Forever and a Day

John Haber
in New York City

Now and Forever: Medieval Time

Terrors, Aliens, and Wonders: Medieval Monsters

"For what is time? Who can easily and briefly explain it? If no one asks of me, I know; if I wish to explain to him who asks, I know not."

Had Saint Augustine lived a few more centuries, he still might not have had an answer, but he could have consulted some remarkable calendars. Unlike our own, they did not change from year to year since, as Augustine pointed out, "for God there is no time." They present only a fixed column of days and annotations. Yet they had to be intricate and exacting enough to allow one to calculate the changing date of Easter—and, with each passing month, the changing hours of prayer. Master of Catherine of Cleves's Mouth of Hell (Morgan Library, c. 1440)With their saint's days, signs of the zodiac, and illustrations of seasonal labor, they could embody the paradox that so perplexed him, of eternity and human experience. They also open a show about just that, "The Art of Medieval Time" at the Morgan Library.

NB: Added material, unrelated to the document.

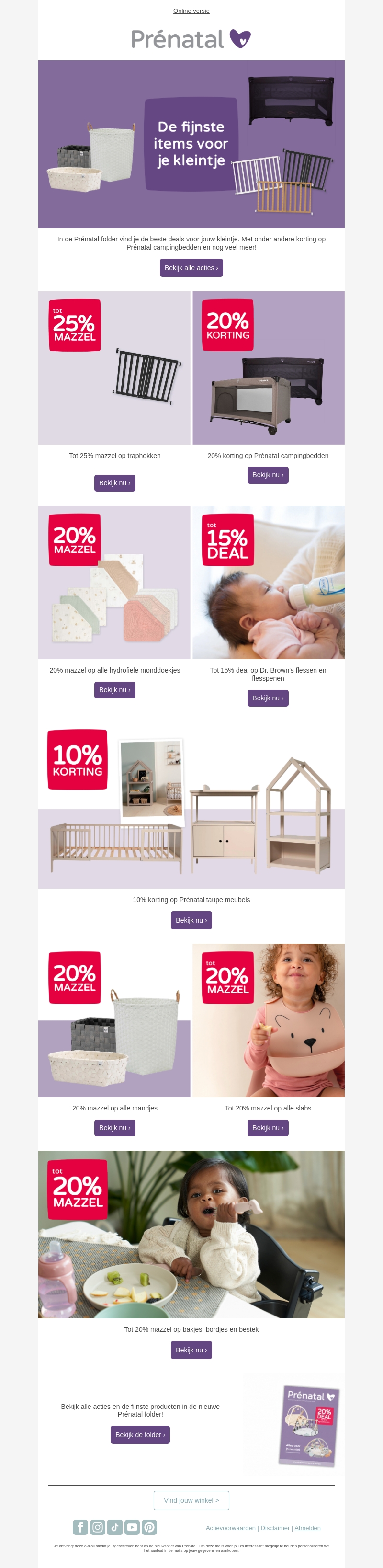 Deze week biedt Prénatal geweldige kortingen voor jouw kleintje. Profiteer van tot wel 25% korting op traphekken en 20% korting op campingbedden. Daarnaast zijn er mooie deals op hydrofiele doeken, flessen en meer. Ontdek veelzijdige kortingen zodat je alles in huis hebt voor je baby. Bekijk snel alle aanbiedingen in de nieuwste Prénatal folder.

In due course, the Morgan closed its show about medieval time. And then it opened again just weeks later with an invitation to step outside of time and space, into a world of myths and monsters. To be sure, the Middle Ages still had its need to track feast days and harvest days, daily prayers and a changing light. To be sure as well, the Morgan called the earlier show "Now and Forever"—and surely any show asks one to step outside one's limited experience. Yet "Medieval Monsters" evokes lives shaped by unseen terrors, alien threats, and signs taken for wonders. What, it asks, could be more monstrous or more real?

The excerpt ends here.